I hope it will not be thought very unheroic to confess that as we laid under the harrowing fire, many a longing look was cast at the sun with the hope that it would go down and give us rest. If so, I’m afraid it is a charge to which many have confessed. I heard a high officer commanding a brigade say he didn’t know how often he thought of the expression of Wellington at Waterloo: “Oh that Blucher or night would come!” Another staff officer said he looked at his watch and it wanted five minutes of 3 o’clock. Pretty soon he looked again and was rather surprised to find it still wanted four minutes of 3 o’clock. Determined not to look again until a good while has elapsed, he put up his watch, as he thought for a long time, then looked again and it was not quite 3 o’clock yet! He put up his watch in disgust and did not look again. Time passes slowly when a man has nothing to do but lie still under battery fire.
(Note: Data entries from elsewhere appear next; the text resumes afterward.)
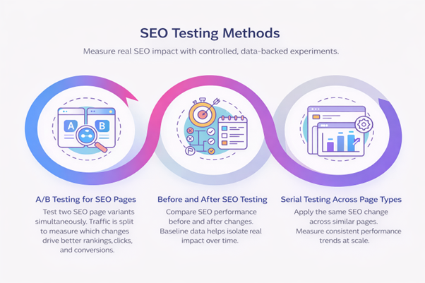 SEO testing is not a one-size-fits-all exercise. The way you test depends on how your site is built, how much traffic you get, and what kind of change you are trying to evaluate. Some methods work well for small, focused updates, while others are better suited for broader structural changes.Β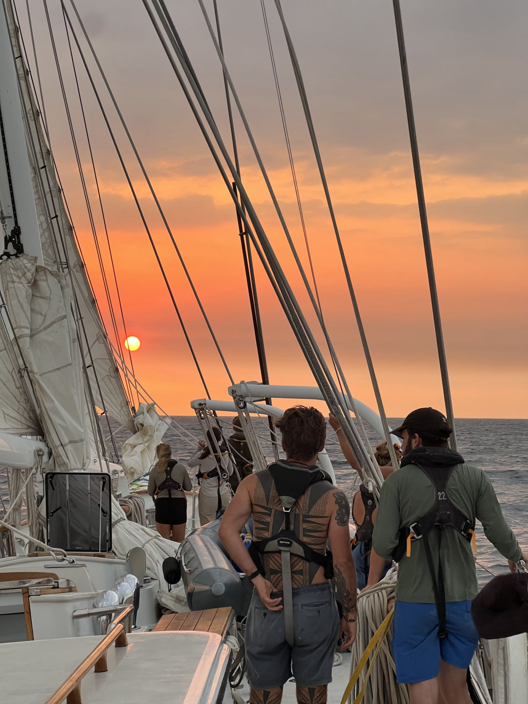 After dinner, we reefed the main sail together (no watch team discrimination) and enjoyed the sunset, which was beautiful and set in front of the bow. The squeeze question was, “what can’t you do that others find easy.” Three people could not whistle (Cosmo, William, and Allie). They ended the squeeze together by failing at whistling. We also learned Ula wasn’t able to blow her nose as a child. Gubby and I have been deemed physically incompetent, as she is unable to do sit-ups, and I can’t do push-ups.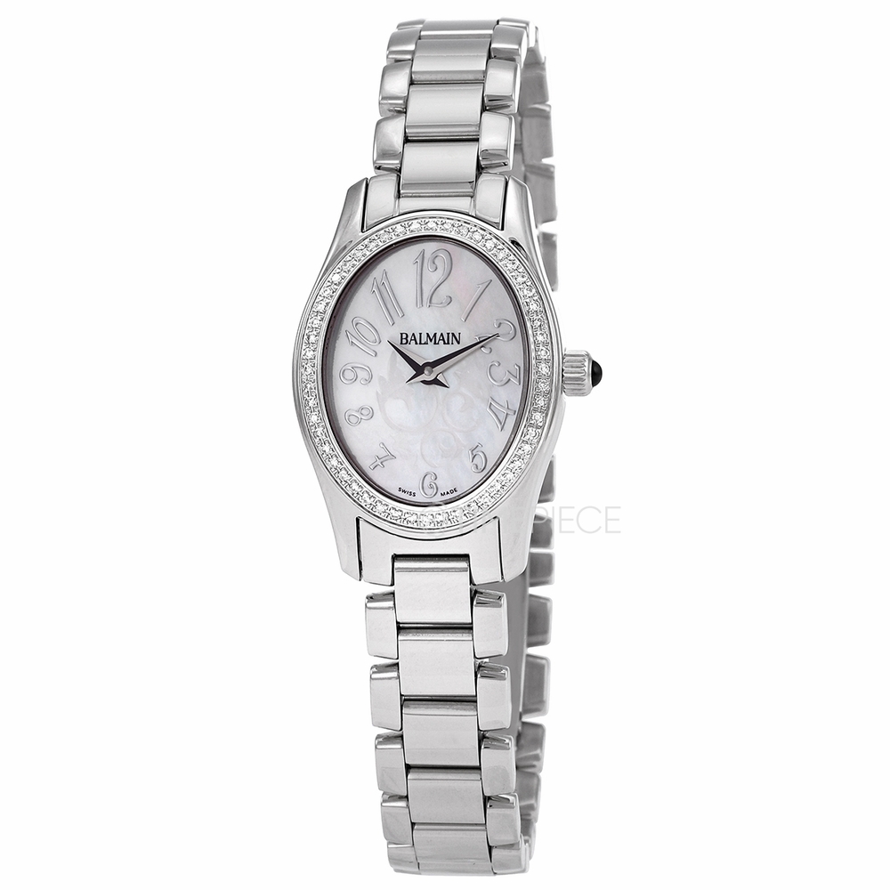 Stainless steel case with a stainless steel bracelet. Fixed stainless steel bezel set with diamonds. Mother of pearl dial with silver-tone hands and Arabic numeral hour markers. Dial Type: Analog. Quartz movement. Scratch resistant sapphire crystal. Pull / push crown. Solid case back. Oval case shape. Case dimensions: 29.5 mm x 19.5 mm. Jewelry clasp. Water resistant at 50 meters / 165 feet. Functions: hour, minute. Madrigal Series. Dress watch style. Watch label: Swiss Made. Balmain Madrigal Quartz Diamond Mother of Pearl Ladies Watch B26753383.

If we had known more of how the day was going, or had anything to do, or had any responsibility, we might have felt differently. As it were, we knew nothing of any Blucher to arrive and only looked for night.

At last, at twenty minutes past 5 o’clock, by my new Waltham watch, the sun went down and soon after we were moved to another position where we lay about an hour longer before it got dark and the firing entirely ceased. Then we got up and moved about and gathered in groups to talk over the events of the day, and I tell you, it was a luxury to do so. We had been almost constantly under fire for eight hours, most of the time lying on the cold ground. We were stiff and tired and cold and it was a great treat to be free to move about as we pleased once more and to stretch ourselves.